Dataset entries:
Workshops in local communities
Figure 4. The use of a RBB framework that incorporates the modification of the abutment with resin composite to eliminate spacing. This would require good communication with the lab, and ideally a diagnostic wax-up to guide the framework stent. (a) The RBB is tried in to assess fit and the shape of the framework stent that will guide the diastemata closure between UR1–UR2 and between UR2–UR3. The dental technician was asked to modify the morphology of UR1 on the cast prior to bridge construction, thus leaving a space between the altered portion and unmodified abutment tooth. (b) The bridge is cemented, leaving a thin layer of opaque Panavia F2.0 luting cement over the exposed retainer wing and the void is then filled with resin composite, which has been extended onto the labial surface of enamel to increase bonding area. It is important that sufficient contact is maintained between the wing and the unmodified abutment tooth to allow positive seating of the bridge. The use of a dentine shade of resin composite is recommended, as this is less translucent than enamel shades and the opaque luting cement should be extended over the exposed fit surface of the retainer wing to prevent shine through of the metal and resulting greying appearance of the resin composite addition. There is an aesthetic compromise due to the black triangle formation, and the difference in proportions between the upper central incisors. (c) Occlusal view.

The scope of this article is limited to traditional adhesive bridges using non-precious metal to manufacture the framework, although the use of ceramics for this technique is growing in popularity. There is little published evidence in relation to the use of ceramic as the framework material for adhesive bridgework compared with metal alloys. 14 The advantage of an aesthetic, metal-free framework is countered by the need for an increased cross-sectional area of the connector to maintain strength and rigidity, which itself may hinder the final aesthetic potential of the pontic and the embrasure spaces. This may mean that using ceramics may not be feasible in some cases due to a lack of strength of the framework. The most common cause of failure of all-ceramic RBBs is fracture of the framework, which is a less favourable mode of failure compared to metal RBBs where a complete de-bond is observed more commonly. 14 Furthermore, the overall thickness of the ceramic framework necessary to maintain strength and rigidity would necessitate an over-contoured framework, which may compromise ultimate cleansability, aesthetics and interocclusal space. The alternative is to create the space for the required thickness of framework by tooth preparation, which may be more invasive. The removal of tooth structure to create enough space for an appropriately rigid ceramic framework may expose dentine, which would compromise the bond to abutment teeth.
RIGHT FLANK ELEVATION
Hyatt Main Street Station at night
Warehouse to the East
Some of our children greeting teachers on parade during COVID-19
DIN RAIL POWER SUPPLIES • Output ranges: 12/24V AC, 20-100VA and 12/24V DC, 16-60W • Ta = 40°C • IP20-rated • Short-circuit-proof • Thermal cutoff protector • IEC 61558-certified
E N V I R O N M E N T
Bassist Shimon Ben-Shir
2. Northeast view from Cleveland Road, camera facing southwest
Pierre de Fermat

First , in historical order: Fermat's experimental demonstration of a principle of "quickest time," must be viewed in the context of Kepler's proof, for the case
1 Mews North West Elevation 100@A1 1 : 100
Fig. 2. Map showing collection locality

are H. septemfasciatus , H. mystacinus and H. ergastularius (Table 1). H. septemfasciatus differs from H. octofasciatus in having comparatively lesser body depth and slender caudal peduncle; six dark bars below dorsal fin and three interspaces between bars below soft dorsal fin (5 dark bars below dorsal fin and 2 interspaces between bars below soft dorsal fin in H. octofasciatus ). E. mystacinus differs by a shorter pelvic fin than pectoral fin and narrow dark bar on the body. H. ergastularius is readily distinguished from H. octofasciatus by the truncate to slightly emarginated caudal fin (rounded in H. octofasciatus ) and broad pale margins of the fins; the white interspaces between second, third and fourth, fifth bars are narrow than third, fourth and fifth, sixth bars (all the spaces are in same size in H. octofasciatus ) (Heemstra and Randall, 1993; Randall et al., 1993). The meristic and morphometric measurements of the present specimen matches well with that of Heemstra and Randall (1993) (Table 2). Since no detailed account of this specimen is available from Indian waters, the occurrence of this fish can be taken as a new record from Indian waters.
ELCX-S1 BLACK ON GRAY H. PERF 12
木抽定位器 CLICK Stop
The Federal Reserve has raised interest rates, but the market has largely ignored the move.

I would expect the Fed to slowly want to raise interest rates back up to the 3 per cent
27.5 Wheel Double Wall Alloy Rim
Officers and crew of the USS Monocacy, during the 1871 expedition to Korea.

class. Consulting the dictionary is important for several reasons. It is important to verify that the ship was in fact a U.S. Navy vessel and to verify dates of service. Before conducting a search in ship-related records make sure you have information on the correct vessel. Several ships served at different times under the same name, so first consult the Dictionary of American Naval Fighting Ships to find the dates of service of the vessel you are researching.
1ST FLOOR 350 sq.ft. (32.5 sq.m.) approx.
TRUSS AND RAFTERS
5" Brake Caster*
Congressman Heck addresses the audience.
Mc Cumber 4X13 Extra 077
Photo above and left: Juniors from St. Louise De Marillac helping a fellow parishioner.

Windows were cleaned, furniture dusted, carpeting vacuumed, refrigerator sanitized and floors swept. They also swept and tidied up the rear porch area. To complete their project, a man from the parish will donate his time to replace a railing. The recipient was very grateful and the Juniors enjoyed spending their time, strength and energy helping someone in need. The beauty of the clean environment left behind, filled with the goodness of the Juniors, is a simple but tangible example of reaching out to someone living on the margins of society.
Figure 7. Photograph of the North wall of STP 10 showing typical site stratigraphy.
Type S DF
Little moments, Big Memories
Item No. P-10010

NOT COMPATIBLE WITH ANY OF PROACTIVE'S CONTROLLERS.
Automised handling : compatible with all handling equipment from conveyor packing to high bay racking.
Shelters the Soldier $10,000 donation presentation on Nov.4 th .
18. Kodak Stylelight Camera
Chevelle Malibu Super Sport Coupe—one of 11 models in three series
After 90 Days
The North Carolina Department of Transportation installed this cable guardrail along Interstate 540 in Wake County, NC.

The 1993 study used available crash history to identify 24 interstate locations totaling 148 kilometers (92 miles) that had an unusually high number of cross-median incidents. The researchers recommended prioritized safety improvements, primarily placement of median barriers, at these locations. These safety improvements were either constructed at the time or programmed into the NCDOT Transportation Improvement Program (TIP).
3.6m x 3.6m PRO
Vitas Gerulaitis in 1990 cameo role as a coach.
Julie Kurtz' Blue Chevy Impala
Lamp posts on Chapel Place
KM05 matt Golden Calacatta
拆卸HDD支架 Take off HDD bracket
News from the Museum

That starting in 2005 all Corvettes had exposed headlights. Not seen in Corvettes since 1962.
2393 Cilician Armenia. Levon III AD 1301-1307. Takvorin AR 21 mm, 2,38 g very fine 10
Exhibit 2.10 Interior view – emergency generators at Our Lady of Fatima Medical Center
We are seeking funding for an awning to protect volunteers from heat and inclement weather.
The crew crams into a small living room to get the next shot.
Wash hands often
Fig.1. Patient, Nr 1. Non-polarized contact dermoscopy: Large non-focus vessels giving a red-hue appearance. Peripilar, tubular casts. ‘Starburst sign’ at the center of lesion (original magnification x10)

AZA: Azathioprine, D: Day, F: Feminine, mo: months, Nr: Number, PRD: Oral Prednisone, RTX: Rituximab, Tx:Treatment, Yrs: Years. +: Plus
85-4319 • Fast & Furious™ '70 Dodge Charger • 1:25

● **Try it**
The lines to reproduce run from the one that contains "We are seeking" through the last line above; copy them exactly.

● **Exercise answer**
We are seeking funding for an awning to protect volunteers from heat and inclement weather.
The crew crams into a small living room to get the next shot.
Wash hands often
Fig.1. Patient, Nr 1. Non-polarized contact dermoscopy: Large non-focus vessels giving a red-hue appearance. Peripilar, tubular casts. ‘Starburst sign’ at the center of lesion (original magnification x10)

AZA: Azathioprine, D: Day, F: Feminine, mo: months, Nr: Number, PRD: Oral Prednisone, RTX: Rituximab, Tx:Treatment, Yrs: Years. +: Plus
85-4319 • Fast & Furious™ '70 Dodge Charger • 1:25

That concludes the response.